Thus, the "unfolded zeros" $$ \tilde{\gamma}_j := \frac{1}{2\pi} \gamma_j \log(\gamma_j) $$

satisfy: $\tilde{\gamma}_{j+1} - \tilde{\gamma}_j$ is 1 on average. The "GUE Hypothesis" implies that, in the limit as $T\to\infty$, the distribution of $\tilde{\gamma}_{j+1} - \tilde{\gamma}_j$ is the same as the distribution (in the limit $N\to\infty$) of the (similarly rescaled) eigenvalue neighbor gaps of random matrices from the Gaussian Unitary Ensemble of $N\times N$ matrices. Numerical calculations of Ozlyzko support that conjecture.

The PDF of the GUE nearest neighbor distribution is well-approximated by the "Wigner surmise" $\frac{32}{\pi^2} x^2 e^{-\frac{4}{\pi}x^2}$. Thus, at least conjecturally, we know exactly how often there should be extremely small gaps between zeros of the zeta function.

The official definition of "Lehmer pair" quantifies how small the gap has to be, and you can use the GUE Hypothesis to predict the frequency of Lehmer pairs. But in terms of justifying the statement "RH is barely true", it strikes me as sufficient to note that the distribution of neighbor gaps is (conjecturally) supported on all of $(0,\infty)$.

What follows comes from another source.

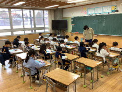 子どもたちはその間、学習に専念することができます。1年生は漢字の学習をしていました。4月からひらがな、カタカナの練習を始め、今は漢字の練習をしています。1年生の皆さん、がんばっていますね。

To address what appears to be the point of the original question, note that "barely true" does not mean "likely to be false". The random eigenvalues from the GUE are all real. So, the analogue of RH is known to be true in that context, and yet it also is "barely true". And, the process is random, but not random in a way that suggests RH might fail.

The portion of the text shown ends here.